## What to do
Print nothing except the lines of the listing below from the line with "۱. اولین کارگاه" to the line with "Am Anfang sehen", each exactly as written, both ends included.
[Dataset records]
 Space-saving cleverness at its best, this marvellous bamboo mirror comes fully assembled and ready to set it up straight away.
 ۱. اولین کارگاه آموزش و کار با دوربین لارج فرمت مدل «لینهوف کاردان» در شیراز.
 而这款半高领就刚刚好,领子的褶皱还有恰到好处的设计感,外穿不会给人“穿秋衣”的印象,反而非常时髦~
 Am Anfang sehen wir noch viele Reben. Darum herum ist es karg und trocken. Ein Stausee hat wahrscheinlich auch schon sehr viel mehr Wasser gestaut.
[/Dataset records]
[Dataset records]
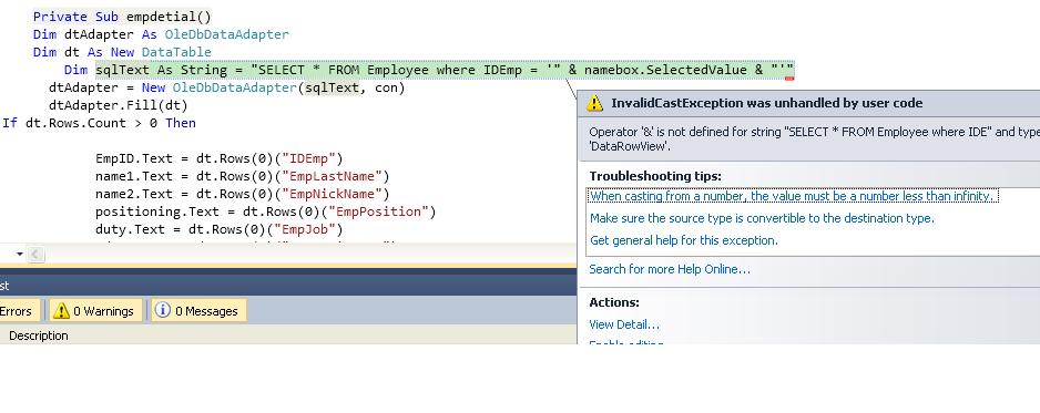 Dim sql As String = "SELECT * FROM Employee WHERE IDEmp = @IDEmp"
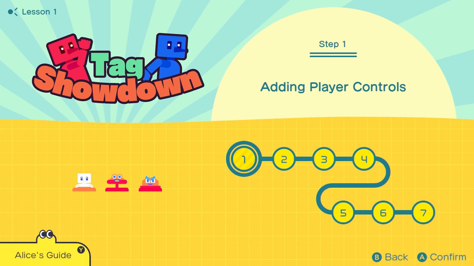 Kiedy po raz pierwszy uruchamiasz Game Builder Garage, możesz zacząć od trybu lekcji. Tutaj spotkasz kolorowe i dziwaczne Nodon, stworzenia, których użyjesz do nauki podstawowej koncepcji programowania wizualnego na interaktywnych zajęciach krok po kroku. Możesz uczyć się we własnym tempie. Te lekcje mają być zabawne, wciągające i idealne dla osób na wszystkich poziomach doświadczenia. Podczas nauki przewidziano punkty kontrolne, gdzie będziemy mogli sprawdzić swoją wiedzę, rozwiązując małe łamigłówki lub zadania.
[/Dataset records]
[Dataset records]
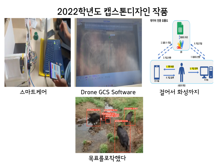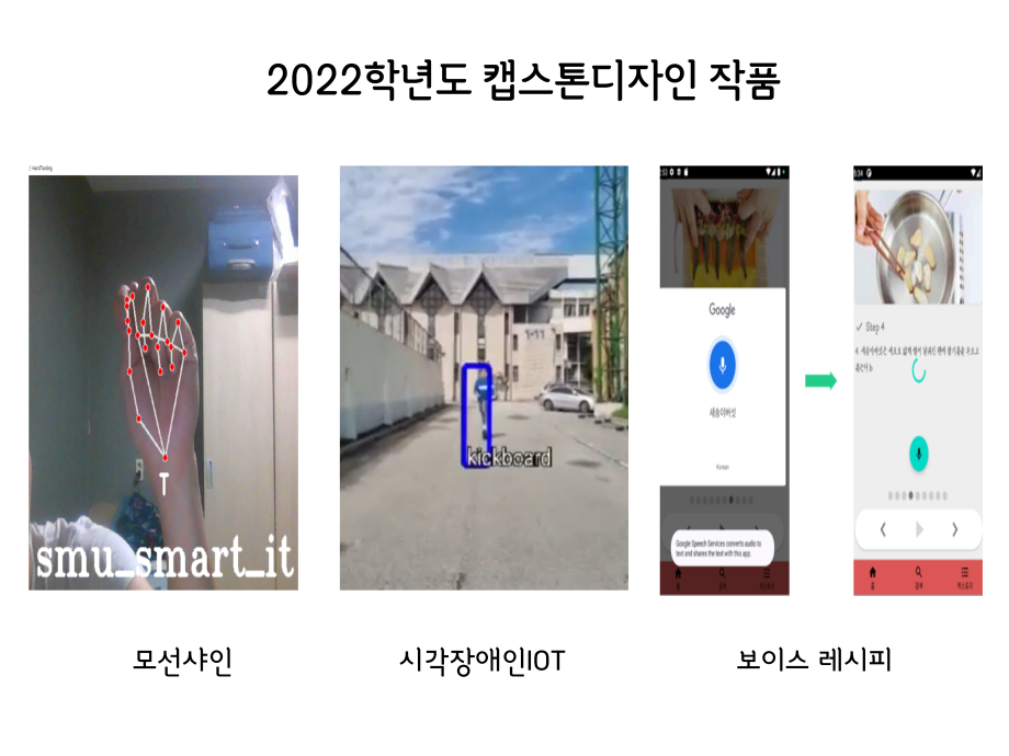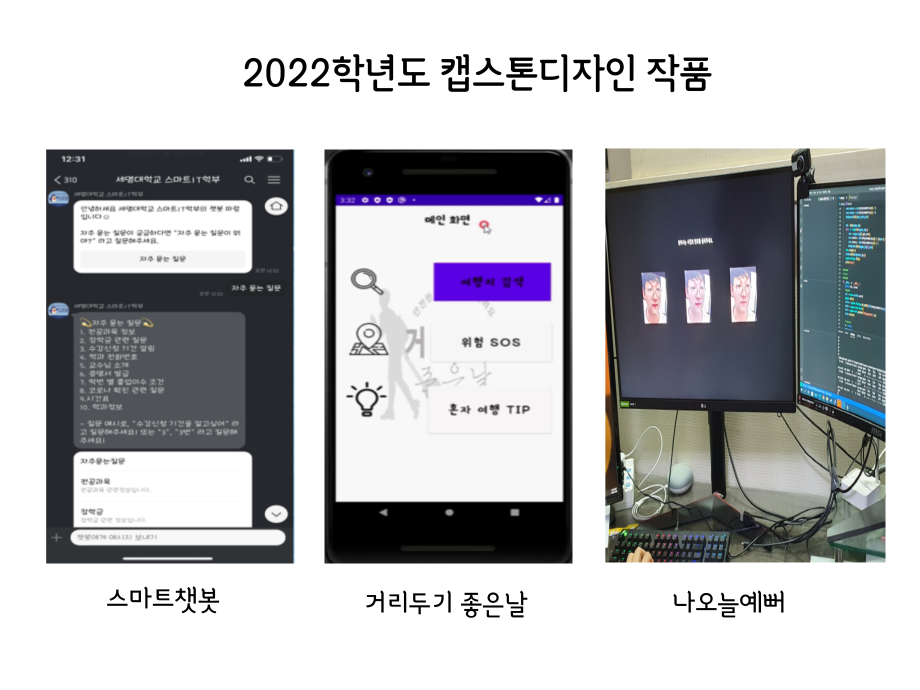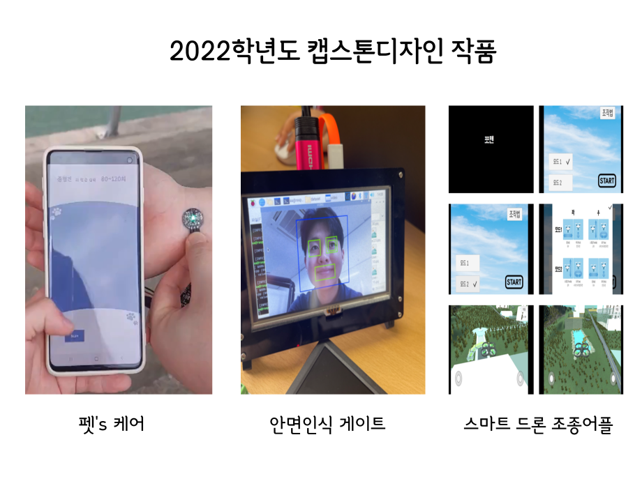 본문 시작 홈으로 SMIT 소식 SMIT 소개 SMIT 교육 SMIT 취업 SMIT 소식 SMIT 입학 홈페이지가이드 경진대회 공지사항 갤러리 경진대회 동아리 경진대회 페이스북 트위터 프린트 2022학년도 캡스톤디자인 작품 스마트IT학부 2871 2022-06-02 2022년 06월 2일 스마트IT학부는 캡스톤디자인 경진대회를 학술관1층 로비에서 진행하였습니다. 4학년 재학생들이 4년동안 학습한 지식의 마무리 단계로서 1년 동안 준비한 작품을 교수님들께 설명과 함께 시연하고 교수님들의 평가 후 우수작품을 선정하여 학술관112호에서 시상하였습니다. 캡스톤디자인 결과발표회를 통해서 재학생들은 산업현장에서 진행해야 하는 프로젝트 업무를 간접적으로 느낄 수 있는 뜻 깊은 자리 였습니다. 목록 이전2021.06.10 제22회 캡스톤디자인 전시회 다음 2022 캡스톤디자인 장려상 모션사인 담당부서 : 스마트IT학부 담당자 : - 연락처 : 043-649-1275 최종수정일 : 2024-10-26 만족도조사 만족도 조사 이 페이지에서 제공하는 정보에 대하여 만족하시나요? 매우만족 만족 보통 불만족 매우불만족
[/Dataset records]
## Expected output
 ۱. اولین کارگاه آموزش و کار با دوربین لارج فرمت مدل «لینهوف کاردان» در شیراز.
 而这款半高领就刚刚好,领子的褶皱还有恰到好处的设计感,外穿不会给人“穿秋衣”的印象,反而非常时髦~
 Am Anfang sehen wir noch viele Reben. Darum herum ist es karg und trocken. Ein Stausee hat wahrscheinlich auch schon sehr viel mehr Wasser gestaut.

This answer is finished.